Overall, our data identify RBM38 as novel transcriptional target of E2F1 that restricts E2F1-induced proliferation. Furthermore, this negative feedback loop seems to restrict tumor aggressiveness, thereby promoting survival of patients with cancer. Mol Cancer Res; 10(9); 1169–77. ©2012 AACR.

E2Fs are transcription factors best known for their involvement in the timely regulation of gene expression required for cell-cycle progression (1). In particular, E2Fs regulate the expression of genes required for entry into and progression through S-phase and, accordingly, ectopic expression of E2F1 in quiescent cells induces S-phase entry (1, 2). Members of the E2F family are downstream effectors of the tumor suppressor pRB. The critical role of the RB/E2F pathway in normal cellular proliferation is highlighted by the common incidence among human tumors of pathway mutations that result in deregulated E2F activity (3). This deregulated E2F activity leads to uncontrolled cell proliferation, a hallmark of tumor cells.

In addition to being fundamental regulators of proliferation, E2Fs modulate diverse cellular functions, such as DNA repair, differentiation, and development (4, 5). At least one member of the E2F family, namely E2F1, can also mediate apoptosis (1, 6) and autophagy (7–9). In line with E2F1 influencing both proliferation and cell death, it functions in vivo in a context-dependent manner as an oncogene or a tumor suppressor (10).
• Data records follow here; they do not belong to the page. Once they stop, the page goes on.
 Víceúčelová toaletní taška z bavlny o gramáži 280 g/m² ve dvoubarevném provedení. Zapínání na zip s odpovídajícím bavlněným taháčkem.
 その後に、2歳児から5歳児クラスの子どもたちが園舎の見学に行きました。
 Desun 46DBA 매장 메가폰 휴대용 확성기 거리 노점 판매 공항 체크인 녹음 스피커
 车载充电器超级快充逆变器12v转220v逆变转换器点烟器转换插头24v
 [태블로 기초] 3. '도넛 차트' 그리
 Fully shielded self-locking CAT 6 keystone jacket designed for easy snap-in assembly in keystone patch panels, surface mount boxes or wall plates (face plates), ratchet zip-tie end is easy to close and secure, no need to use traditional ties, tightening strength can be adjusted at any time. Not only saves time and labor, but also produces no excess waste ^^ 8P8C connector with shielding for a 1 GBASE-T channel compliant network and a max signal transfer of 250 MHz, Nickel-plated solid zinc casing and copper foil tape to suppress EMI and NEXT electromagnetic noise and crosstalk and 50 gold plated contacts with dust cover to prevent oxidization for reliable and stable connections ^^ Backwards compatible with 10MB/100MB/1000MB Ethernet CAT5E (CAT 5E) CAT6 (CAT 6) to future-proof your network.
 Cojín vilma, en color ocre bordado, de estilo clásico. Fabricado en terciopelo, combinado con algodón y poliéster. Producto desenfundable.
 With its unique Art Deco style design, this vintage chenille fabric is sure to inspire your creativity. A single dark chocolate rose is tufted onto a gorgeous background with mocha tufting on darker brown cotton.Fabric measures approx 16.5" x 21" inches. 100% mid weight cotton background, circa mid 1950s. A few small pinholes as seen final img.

The pivotal role of E2F1 in transcriptional regulation of genes and the ensuing effect on RNA production are well documented. More recently, studies have shown that E2F1 affects additional aspects of RNA dynamics. First, E2F1 controls pre-mRNA processing of specific genes by regulating the expression of the splicing factor, SC35 (11–13). Second, E2F1 regulates RNA stability and availability for translation, activities attributed mainly to direct regulation of microRNA expression. Indeed, a number of E2F-regulated miRNAs have been identified, including miR-449a, miR-449b (14) and the miR-17-92, miR-106a-363, miR-106b-25, and miR-15-16 clusters (14–21). Another little explored possibility for E2F-mediated regulation of RNA dynamics is an effect on RNA-binding proteins (RBP), which influence not only RNA stability but also RNA metabolism, localization, and splicing (22, 23), as well as miR activity (24).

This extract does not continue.